For Penn diving's Will Hartje and Jack Stein, keep your friends close and your enemies closer

Despite the small stature of Penn’s diving program, Hartje and Stein stand taller than most

· February 19, 2014, 6:57 pm   ·  Updated February 19, 2014, 11:30 pm

Laura Francis | DP

Senior diver Will Hartje has never let the size of Penn’s program deter him. Hartje had a strong performance against La Salle on Senior Day and placed well in the Ivies.


Swim meets are known for being close affairs. Individual events are often contested by tenths of a second, and the meets themselves often come down to just a few points.

However, on a team that is over 30 members strong, only two Quakers have been getting a crack at the 38 points that are available in the meets’ two diving events.

Senior Will Hartje and freshman Jack Stein are two of three individuals in the Penn men’s diving program, and fortunately for the Quakers, these two have risen to the challenge admirably.

While other programs generally compete with three divers, Penn has made do with just two Florida natives ever since its third diver, sophomore Peter Magliulo, got injured over winter break.

Hartje and Stein have been impressive all year and have given the Quakers an early edge in several meets.

“Even though we are small in comparison to other programs, we still have great opportunities to really have an effect on the outcome of any meet,” Hartje said. “We are kind of like the kickers on the football team, just as influential to the score, but few in number.”

Against the best that the Ivy League can throw at them, both Stein and Hartje still put in quality performances.

In the meet against Harvard, Stein took first in the one-meter dive, while Hartje took fourth in the three-meter event.
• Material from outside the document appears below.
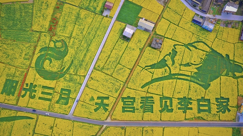 记者在江油市永胜镇永平村1组看到,李白头像的图案为绿色麦苗,种在以黄色油菜花为背景的田野之中,在墙体彩绘的衬托下,与四周农家小院相映成趣,构成了一幅美丽的乡村画卷。 头像线条粗细有致,圆润通灵,李白形象栩栩如生。除了头像,还有飘带、飞鸟等图案,下边是一行粗犷黑体字:“阳光三月,天宫看见李白家”。

Outside of Ivy competition, these two have also been dominant. On Senior Day against La Salle, Hartje took the top spot for Penn in both events and was first overall in the three-meter dive.

In addition to the bond formed by being part of a small, specialized group of athletes, Hartje and Stein share another common denominator: They competed against each other in high school.

“I guess it just goes to show you have to keep your friends close, but your enemies closer.” Hartje said of his past competions with Stein. “But in all seriousness, having Jack here to push me has been really important to me getting the most out of every practice and every dive.”

In addition to pushing his diving partner, Stein has proven to be a catalyst for the diving team’s remarkable turnaround. Last year, Penn failed to win an individual diving event all season. This year, the Quakers have barely gone a meet where they didn’t win at least one individual event, all thanks to Stein’s efforts.

“It’s a great feeling being a position where we expect to do well.” Hartje said. “A year ago we were just focused on not giving up too many points, whereas this year we go out there expecting to do well.”

With the Ivy championship meet fast approaching, the men of the Penn diving team are looking to take a swing at some of the big names that sit atop the Ancient Eight. The Quakers will undoubtedly be helped by the return of Magliulo, who has been training in order to get healthy for the final meet of the season.

“The pressure of the Ivy championships is huge,” Hartje said. “It’s one thing to compete at the state level in high school, but this level of competition is just a whole different animal. Even though it’s still just a pool and a diving board, there is something about the meet that just changes everything.”

However, if the Red and Blue continue to perform the way they have all season, then there really is no limit to what they can do at the championship meet.

After all, Harjte is right: It’s just a pool and a diving board.